When walking into a retail store, you’re likely to notice music playing in the background – at times, a little too loudly. Luckily for customers, they are only subject to the music as long as they are in the store. But what about retail workers? The music can get tiresome. For over 62 percent of employees working in retail, they disliked corporate playlists the most when they repeated over and over again. Around a third of employees disliked that other people dominated the playlist, or didn’t like the music being played.
Corporate playlists aren’t all bad, though. Seventy-five percent of retail workers thought music increased their productivity, and only around 3 percent thought it had the opposite effect. Retail employees without a corporate playlist were even more likely to think music had a positive effect on their workday – 81 percent felt it increased their productivity.

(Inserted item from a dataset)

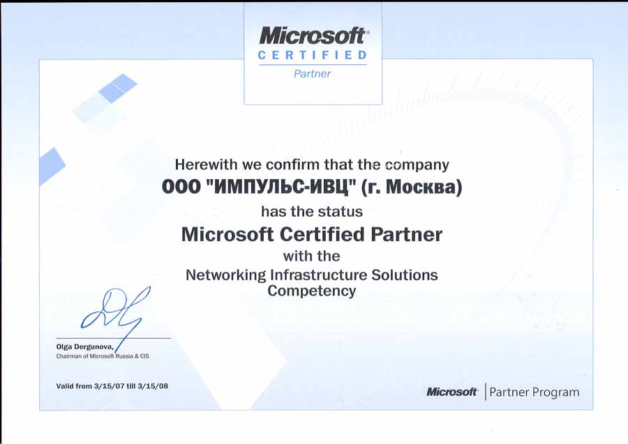 - В прошедшем году компании был присвоен статус сертифицированного партнера Microsoft по решениям в области построения сетевой инфраструктуры - Microsoft Certified Partner with the Networking Infrastructure Solutions. Фирма получила сертификат авторизованного партнера Fujitsu Siemens Computers, подтверждающий членство в клубе PRIMERGY в статусе БИЗНЕС.

They say music is a universal language, and it certainly has a way of connecting people, but depending on whom you surround yourself with, it can also cause a bit of debate. Tastes in music won’t always align, so how do employed people navigate differences in music preferences? Almost 59 percent of employees connected more easily with co-workers or superiors who shared their tastes in music, and employers agreed – 65 percent connected more easily when tastes were shared. However, around 41 percent of employees and 35 percent of employers said music tastes didn’t affect their connections with other staff.
A difference in taste may cause judgment, though. Around 26 percent judged others for their music preferences. Still, over a third believed their team was unified by their workplace playlist.
There’s no question that music is powerful. It can alter moods, bring people together, and even boost our health. But the music that makes you feel good at home or gets your blood pumping in the gym likely isn’t the same music you should be listening to at work. Picking the right playlist is vital to reap the benefits of increased productivity, and working with the right music provider makes picking easy. At Cloud Cover Music, we provide a wide variety of music types and customized playlists so that your business needs are met. And no need to worry about exposing your business to any serious fines – all of our music is 100 percent licensed so that you can increase productivity without breaking any laws.
We collected 1,005 responses from 43 employers and 962 employees in a survey about music in the workplace. 136 of the responding employees currently work in retail stores, they gave an insight into the perception of music at retail workplaces. 49.5 percent of respondents were women, and 50.5 percent identified as men. Participants ranged from teenagers with the age of 18 to respondents with the age of 74. The average age of respondents was 35 and the standard deviation was 10.6. Some industries are not represented due to insufficient sample sizes.